## TASK PROMPT
Starting with the line that has "dabei zählt das" in the records below and stopping after the line that has "Les invitations aux", output every line exactly and nothing else; skip pictures.

Start of DATASET

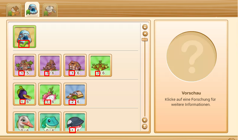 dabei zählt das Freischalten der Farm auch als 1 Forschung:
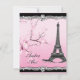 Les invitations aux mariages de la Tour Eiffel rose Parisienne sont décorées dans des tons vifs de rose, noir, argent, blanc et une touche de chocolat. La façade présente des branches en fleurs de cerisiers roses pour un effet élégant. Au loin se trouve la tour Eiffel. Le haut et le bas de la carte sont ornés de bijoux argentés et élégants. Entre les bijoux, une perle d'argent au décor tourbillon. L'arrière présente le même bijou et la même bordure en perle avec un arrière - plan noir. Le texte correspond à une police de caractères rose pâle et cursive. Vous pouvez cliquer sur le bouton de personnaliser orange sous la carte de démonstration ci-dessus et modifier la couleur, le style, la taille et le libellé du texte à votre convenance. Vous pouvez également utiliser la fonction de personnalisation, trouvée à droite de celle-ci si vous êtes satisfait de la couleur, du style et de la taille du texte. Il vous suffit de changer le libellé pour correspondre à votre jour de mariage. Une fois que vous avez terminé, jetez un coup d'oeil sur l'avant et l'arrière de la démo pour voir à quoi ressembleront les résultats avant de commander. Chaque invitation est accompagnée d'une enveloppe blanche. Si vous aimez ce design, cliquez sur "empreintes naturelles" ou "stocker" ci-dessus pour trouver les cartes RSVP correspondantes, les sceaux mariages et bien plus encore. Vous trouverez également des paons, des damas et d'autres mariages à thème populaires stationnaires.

End of DATASET
Start of DATASET

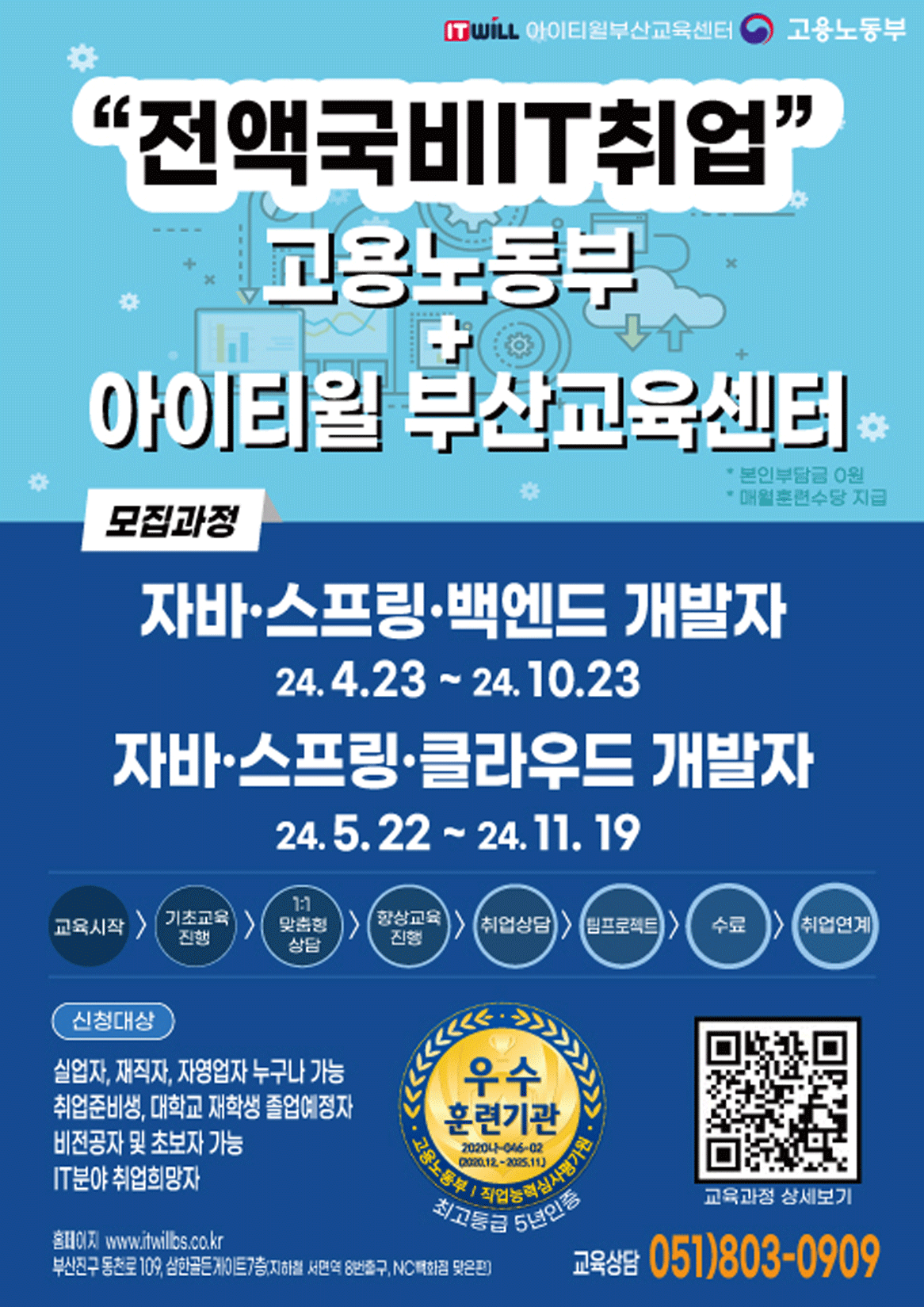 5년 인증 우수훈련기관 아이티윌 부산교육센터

End of DATASET
Start of DATASET

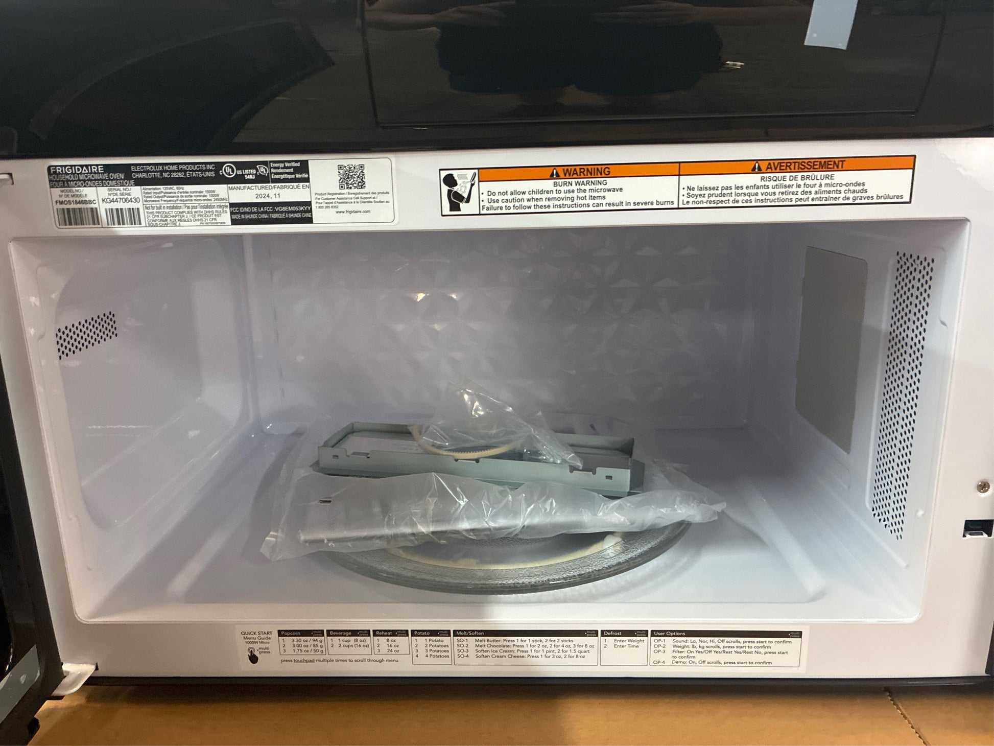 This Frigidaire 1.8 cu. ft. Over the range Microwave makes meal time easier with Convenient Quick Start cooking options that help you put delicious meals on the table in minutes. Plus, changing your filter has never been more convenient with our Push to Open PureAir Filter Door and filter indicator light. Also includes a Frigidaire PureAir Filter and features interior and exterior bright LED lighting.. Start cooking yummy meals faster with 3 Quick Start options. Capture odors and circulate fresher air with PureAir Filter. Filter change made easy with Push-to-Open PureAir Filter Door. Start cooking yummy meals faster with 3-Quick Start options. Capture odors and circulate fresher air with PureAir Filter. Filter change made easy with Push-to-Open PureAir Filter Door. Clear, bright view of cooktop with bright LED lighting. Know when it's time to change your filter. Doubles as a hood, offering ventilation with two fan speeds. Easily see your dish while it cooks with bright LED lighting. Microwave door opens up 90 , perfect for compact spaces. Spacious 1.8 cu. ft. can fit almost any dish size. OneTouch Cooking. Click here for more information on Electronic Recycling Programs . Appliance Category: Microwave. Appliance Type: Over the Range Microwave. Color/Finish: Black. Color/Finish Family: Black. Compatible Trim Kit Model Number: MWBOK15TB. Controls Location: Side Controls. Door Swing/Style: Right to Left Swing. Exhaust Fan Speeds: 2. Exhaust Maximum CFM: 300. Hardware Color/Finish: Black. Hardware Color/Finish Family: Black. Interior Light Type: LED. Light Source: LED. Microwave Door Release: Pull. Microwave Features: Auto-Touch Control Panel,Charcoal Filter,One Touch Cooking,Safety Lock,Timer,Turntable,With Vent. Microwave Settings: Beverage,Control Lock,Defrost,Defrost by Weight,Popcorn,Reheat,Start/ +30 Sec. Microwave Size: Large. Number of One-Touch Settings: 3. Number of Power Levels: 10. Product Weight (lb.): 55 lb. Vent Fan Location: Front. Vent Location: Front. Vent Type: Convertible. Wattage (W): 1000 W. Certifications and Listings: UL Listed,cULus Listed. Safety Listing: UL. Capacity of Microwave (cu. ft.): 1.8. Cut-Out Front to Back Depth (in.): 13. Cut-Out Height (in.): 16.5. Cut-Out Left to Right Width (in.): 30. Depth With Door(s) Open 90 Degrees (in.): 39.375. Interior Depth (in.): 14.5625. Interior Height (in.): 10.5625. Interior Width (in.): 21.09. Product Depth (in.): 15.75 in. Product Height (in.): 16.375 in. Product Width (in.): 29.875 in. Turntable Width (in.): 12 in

End of DATASET

## RESPONSE TO THIS EXERCISE
 dabei zählt das Freischalten der Farm auch als 1 Forschung:
 Les invitations aux mariages de la Tour Eiffel rose Parisienne sont décorées dans des tons vifs de rose, noir, argent, blanc et une touche de chocolat. La façade présente des branches en fleurs de cerisiers roses pour un effet élégant. Au loin se trouve la tour Eiffel. Le haut et le bas de la carte sont ornés de bijoux argentés et élégants. Entre les bijoux, une perle d'argent au décor tourbillon. L'arrière présente le même bijou et la même bordure en perle avec un arrière - plan noir. Le texte correspond à une police de caractères rose pâle et cursive. Vous pouvez cliquer sur le bouton de personnaliser orange sous la carte de démonstration ci-dessus et modifier la couleur, le style, la taille et le libellé du texte à votre convenance. Vous pouvez également utiliser la fonction de personnalisation, trouvée à droite de celle-ci si vous êtes satisfait de la couleur, du style et de la taille du texte. Il vous suffit de changer le libellé pour correspondre à votre jour de mariage. Une fois que vous avez terminé, jetez un coup d'oeil sur l'avant et l'arrière de la démo pour voir à quoi ressembleront les résultats avant de commander. Chaque invitation est accompagnée d'une enveloppe blanche. Si vous aimez ce design, cliquez sur "empreintes naturelles" ou "stocker" ci-dessus pour trouver les cartes RSVP correspondantes, les sceaux mariages et bien plus encore. Vous trouverez également des paons, des damas et d'autres mariages à thème populaires stationnaires.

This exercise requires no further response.